The 43-year-old had hoped that surgery in January 2006, which involved placing a titanium cage filled with bone at the bottom of her spine, would have been the answer to all her problems.
However, once again no relief came.
‘I thought I would wake up for the operation and be pain free but it was like nothing had changed.’
From then on, she attended a pain clinic at Ormskirk Hospital where she was put on various different pain relief medication.
‘I tried everything – I had Botox, patches which acted like local anaesthetic, acupuncture, steroid injections – it was never ending.
‘I was in a constant battle against myself and I became a recluse. I couldn’t go on holiday with my family or go shopping with my daughter. I was always fighting.’
It wasn’t until five years later, when Lorraine was referred to the Walton Centre in Liverpool in 2011, that she finally saw an answer to her prayers.
‘When I was referred to the Walton Centre they diagnosed me with Failed Back Surgery Syndrome.
‘As soon as I got a diagnosis, it opened doors to even more types of pain relief – one of which was the spinal cord stimulator.
‘I’d read about it online but I never thought I’d be eligible. But after I was assessed by the team at the centre, and they told me that I was a candidate for it, I was over the moon.’
Mrs Brooks said: ‘I was given the stimulator for a two-week trial in March 2012. They insert electrodes in your back and a battery is strapped around you which you have to charge up. Then I have the remote to control the amount of pain relief I receive.
‘As soon as the device was fitted I felt like a different person. I had to keep a pain dairy and score my pain out of ten – before the trial my pain was a ten at least, but with the stimulator it was down to a 2 or 3.
Transformed: Mrs Brooks says the surgery has totally changed her life
‘As soon as I knew it was working I told the doctors they’d have to fight me to give it back.
‘Luckily the trial was such a success that they told me I could receive a permanent one which was implanted in May.
‘They turned the device on in the theatre, and since then I’ve never switched it off.’
The remote control has three different programmes – each with a low, medium and high setting – which she can vary depending on how bad her pain is that day.
The device also includes a battery pack which is implanted inside Lorraine, which she recharges every day.
‘I recharge my batteries while I watch TV in the evening. It’s all really easy.’
Since Lorraine received the transplant, her life has been totally transformed.
‘I went from staying in bed all day, to going for a full afternoon’s shopping with my daughter. After years and years of suffering I can finally live my life.

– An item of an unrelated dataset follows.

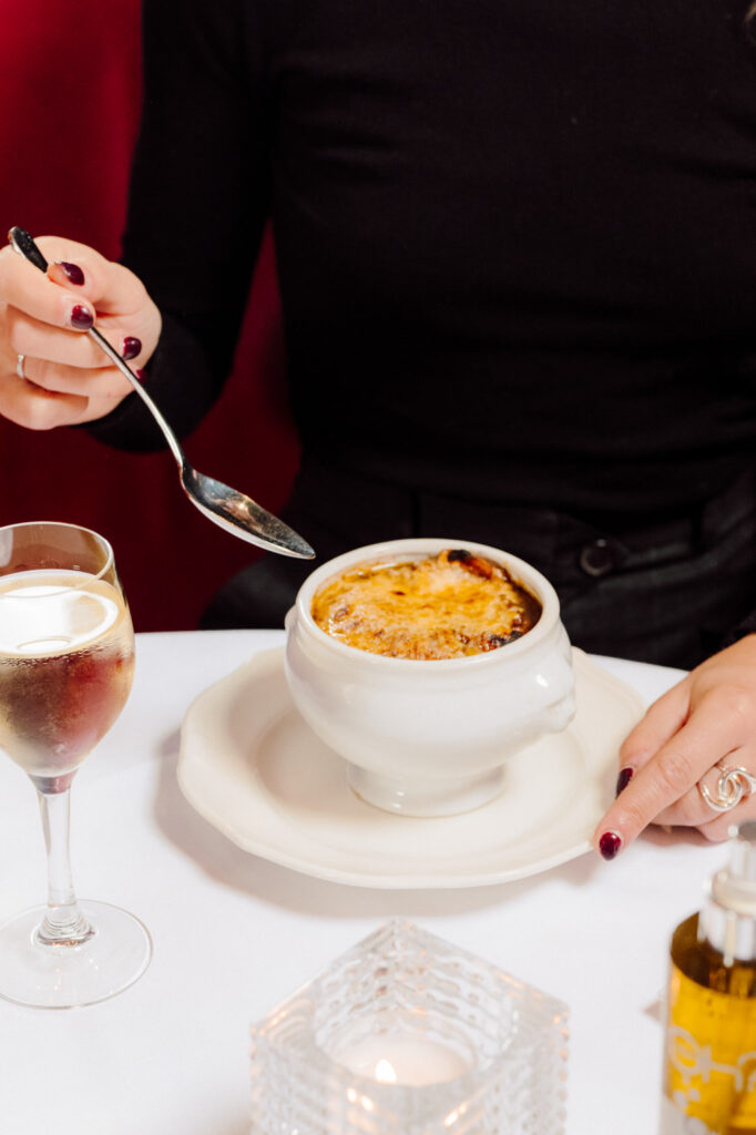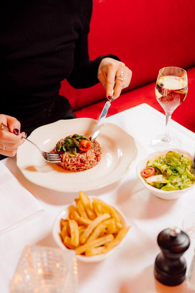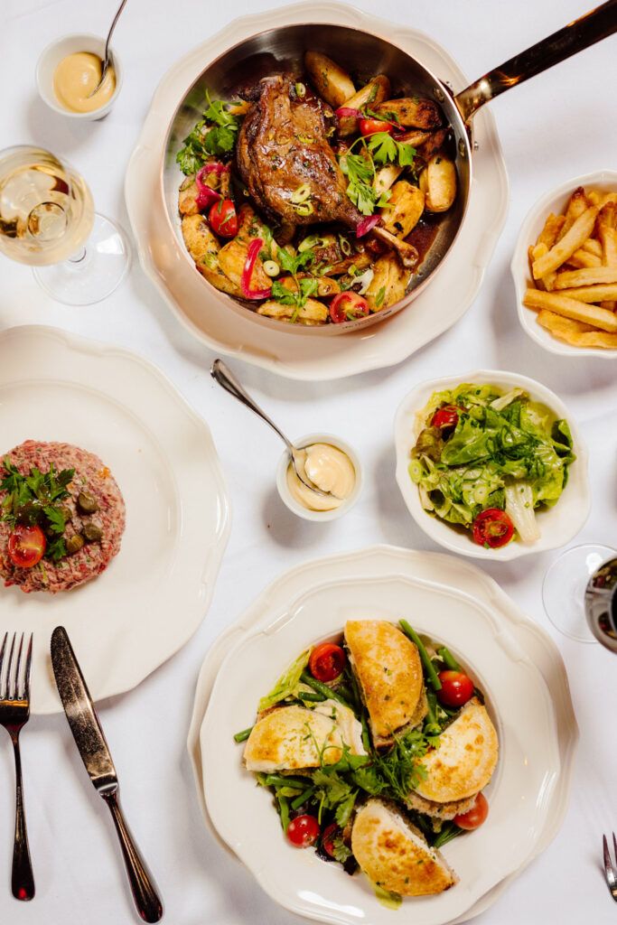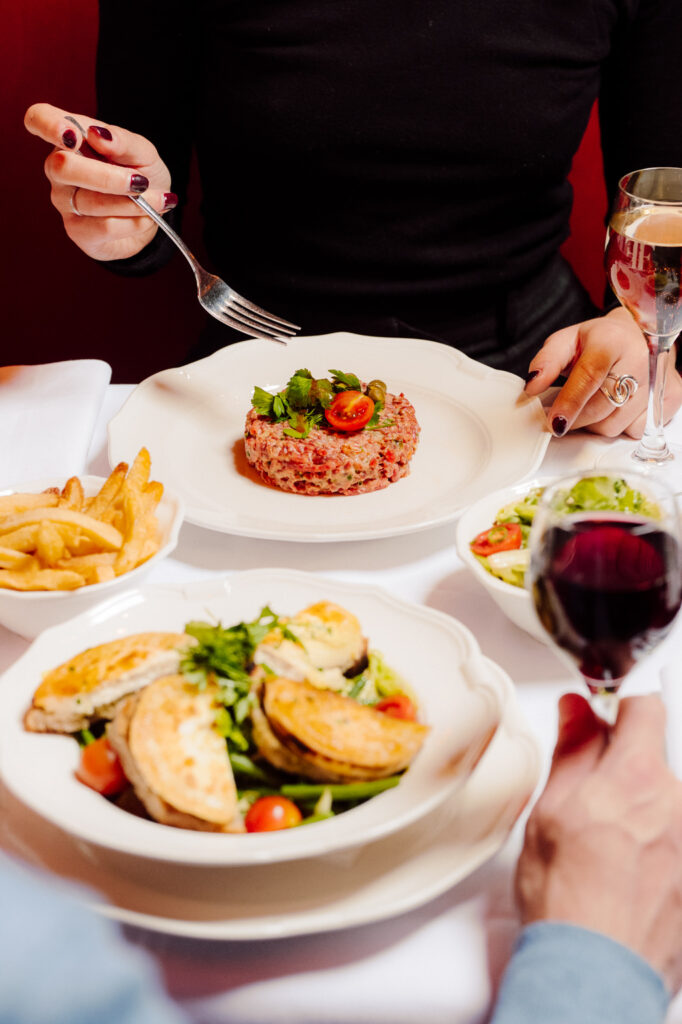 La carte, guidée par la saison et le plaisir, offre des plats réconfortants aux accents cosmopolites. Nous avons commencé par les ravioles de Royan gratinées, fondantes et généreuses, avant de savourer un filet de bœuf à la sauce poivre, accompagné de frites maison. Chaque bouchée révélait une maîtrise parfaite des saveurs.

‘If someone had told me this years ago I wouldn’t have believed them. I’m so lucky to be where I am today. I can’t quite believe it.’
Dr Manohar Sharma, her doctor at the Walton Centre, said: ‘Lorraine had severe back and leg pain which was not helped with spinal fusion. Her pain has been intractable and longstanding, having had trials of various treatments, including injections.
‘She is the first patient treated with high frequency spinal stimulation at The Walton Centre and I am delighted the way her pain has responded to this treatment.
‘She has improvement in her function and quality of life, this is great news for patients like her who may be suffering with similar conditions.’